Transcribe the entries exactly as they stand below, passing over any picture.

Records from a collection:
BEGIN

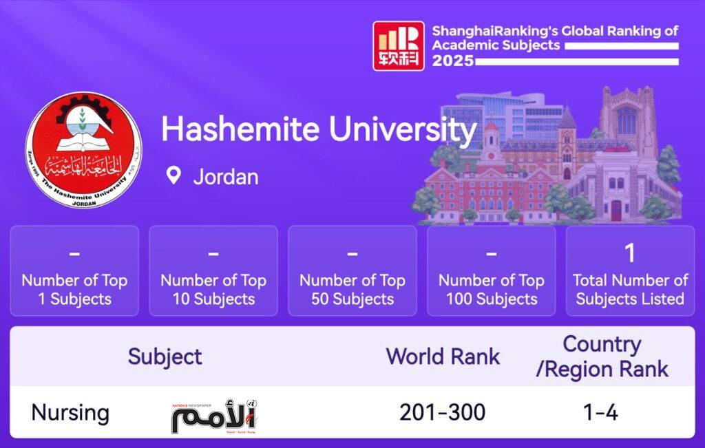 تخصص التمريض في الجامعة الهاشمية ضمن الفئة (201–300) عالميًا في تصنيف شنغهاي 2025حقّق
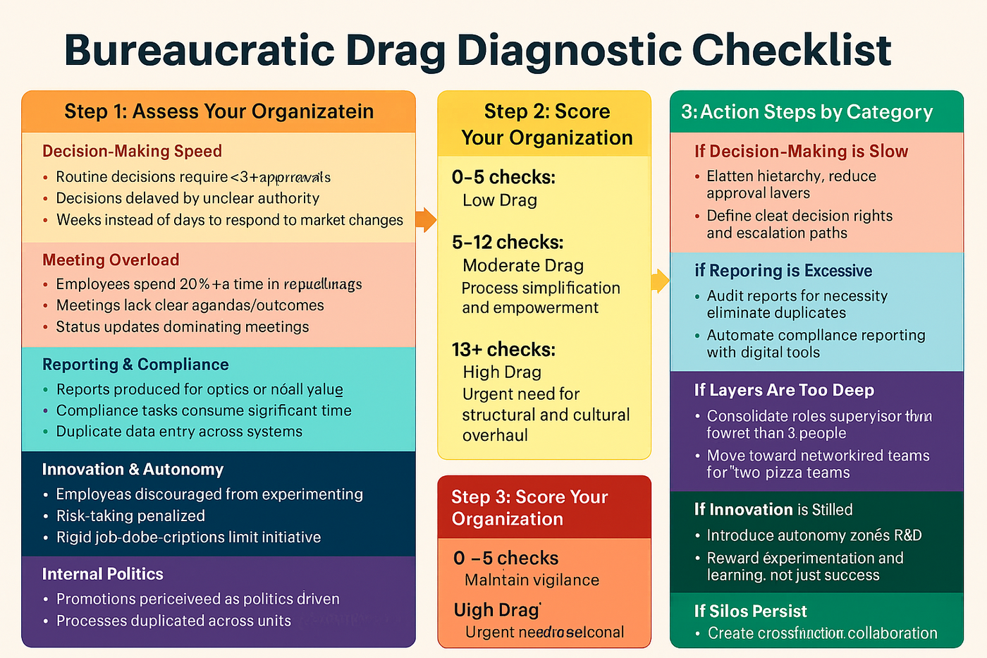 Reducing bureaucratic drag requires deliberate action to streamline processes and empower employees. Practical strategies like process simplification and decentralization help leaders feel capable and in control of change.
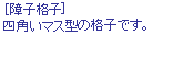 ◆ 面格子 スタンダードタイプ … 一般的に多く設置されている面格子です。
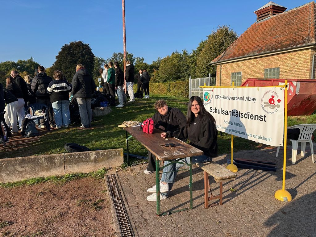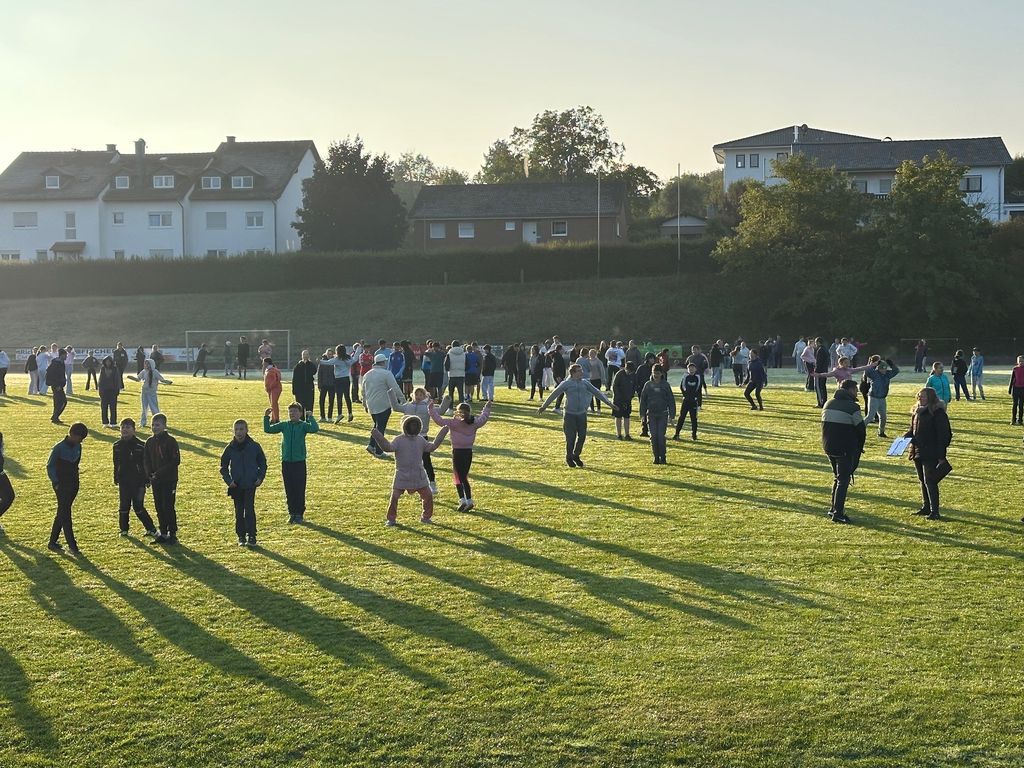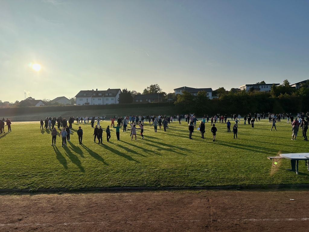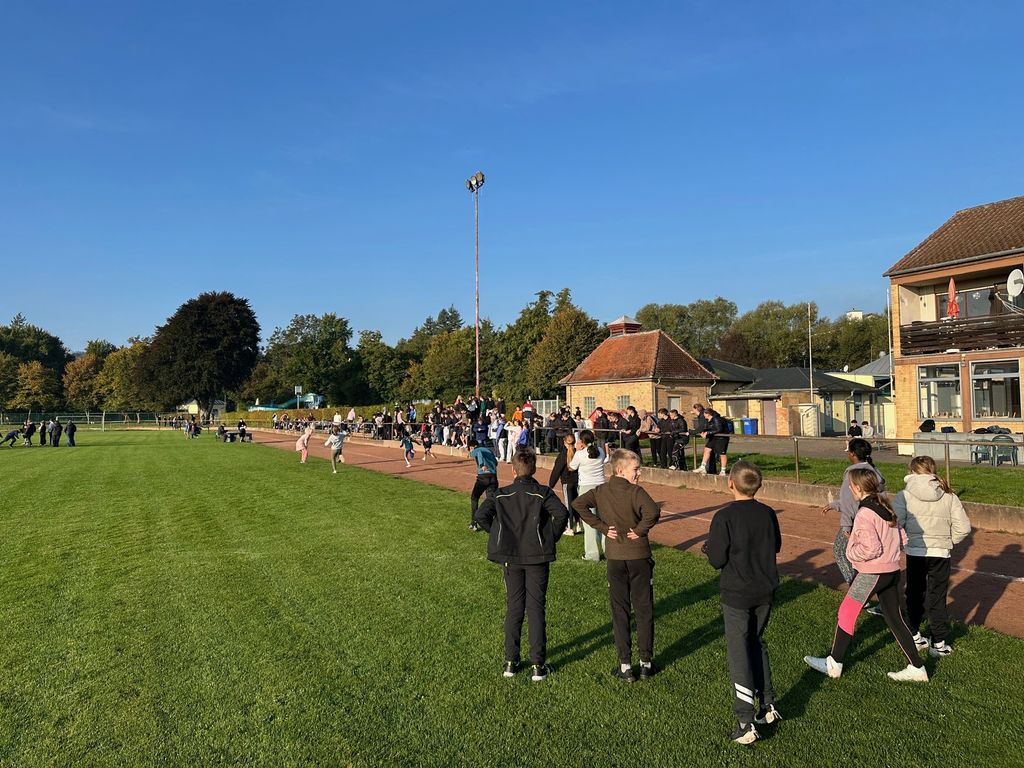 Konrektor Herr Beuscher begrüßte alle Sportlerinnen und Sportler, motivierte diese für den sportlichen Vormittag und bedankte sich beim Schulsanitätsdienst für dessen Unterstützung. Danach führten die Schülersprecher Marcel Kehl und John Becker ein musikalisches Warm-up für alle anwesenden Klassen durch.
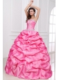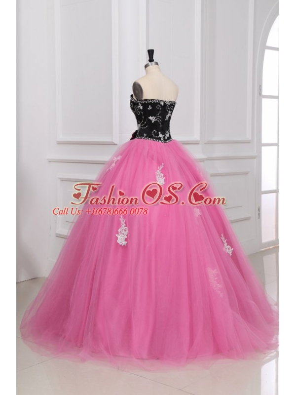 Beading and Appliques Sweetheart Quinceanera Dress in Black and Rose Pink
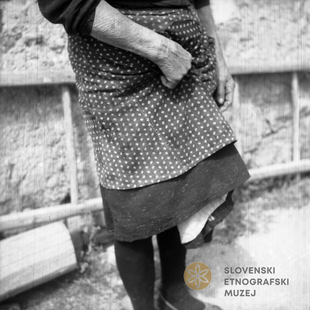 Oblečena za žetev v belem predpasniku, Viševek 28. Teren 19 - Loška dolina (1.-15.8.1962).
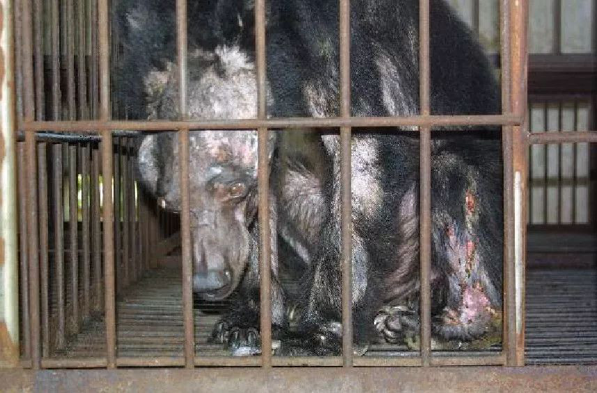 活體取膽帶來(lái)的巨大痛苦使黑熊慘叫、咆哮、自殘,甚至精神錯(cuò)亂。
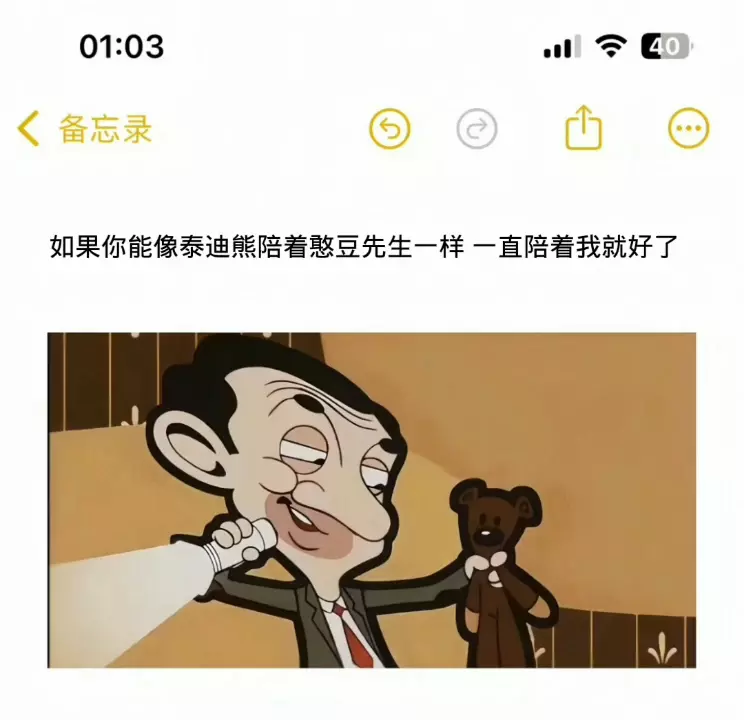 如果你能像泰迪熊陪着憨豆先生一样 一直陪着我就好了.
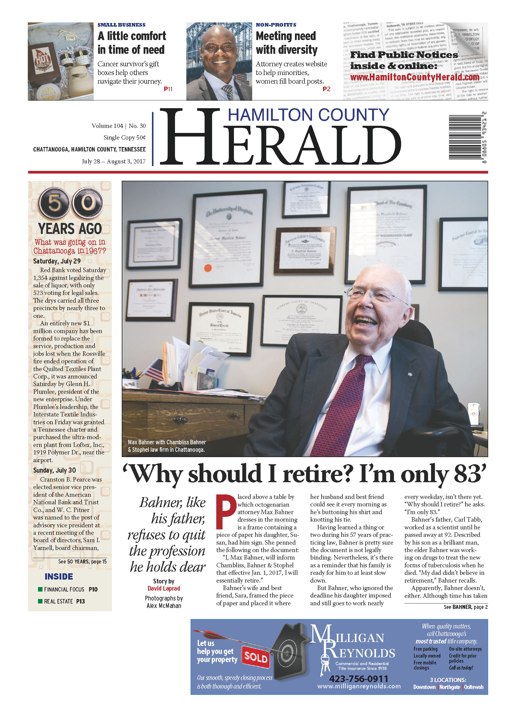 “I, Max Bahner, will inform Chambliss, Bahner & Stophel that effective Jan. 1, 2017, I will essentially retire.”

END

**Your solution**
 تخصص التمريض في الجامعة الهاشمية ضمن الفئة (201–300) عالميًا في تصنيف شنغهاي 2025حقّق
 Reducing bureaucratic drag requires deliberate action to streamline processes and empower employees. Practical strategies like process simplification and decentralization help leaders feel capable and in control of change.
 ◆ 面格子 スタンダードタイプ … 一般的に多く設置されている面格子です。
 Konrektor Herr Beuscher begrüßte alle Sportlerinnen und Sportler, motivierte diese für den sportlichen Vormittag und bedankte sich beim Schulsanitätsdienst für dessen Unterstützung. Danach führten die Schülersprecher Marcel Kehl und John Becker ein musikalisches Warm-up für alle anwesenden Klassen durch.
 Beading and Appliques Sweetheart Quinceanera Dress in Black and Rose Pink
 Oblečena za žetev v belem predpasniku, Viševek 28. Teren 19 - Loška dolina (1.-15.8.1962).
 活體取膽帶來(lái)的巨大痛苦使黑熊慘叫、咆哮、自殘,甚至精神錯(cuò)亂。
 如果你能像泰迪熊陪着憨豆先生一样 一直陪着我就好了.
 “I, Max Bahner, will inform Chambliss, Bahner & Stophel that effective Jan. 1, 2017, I will essentially retire.”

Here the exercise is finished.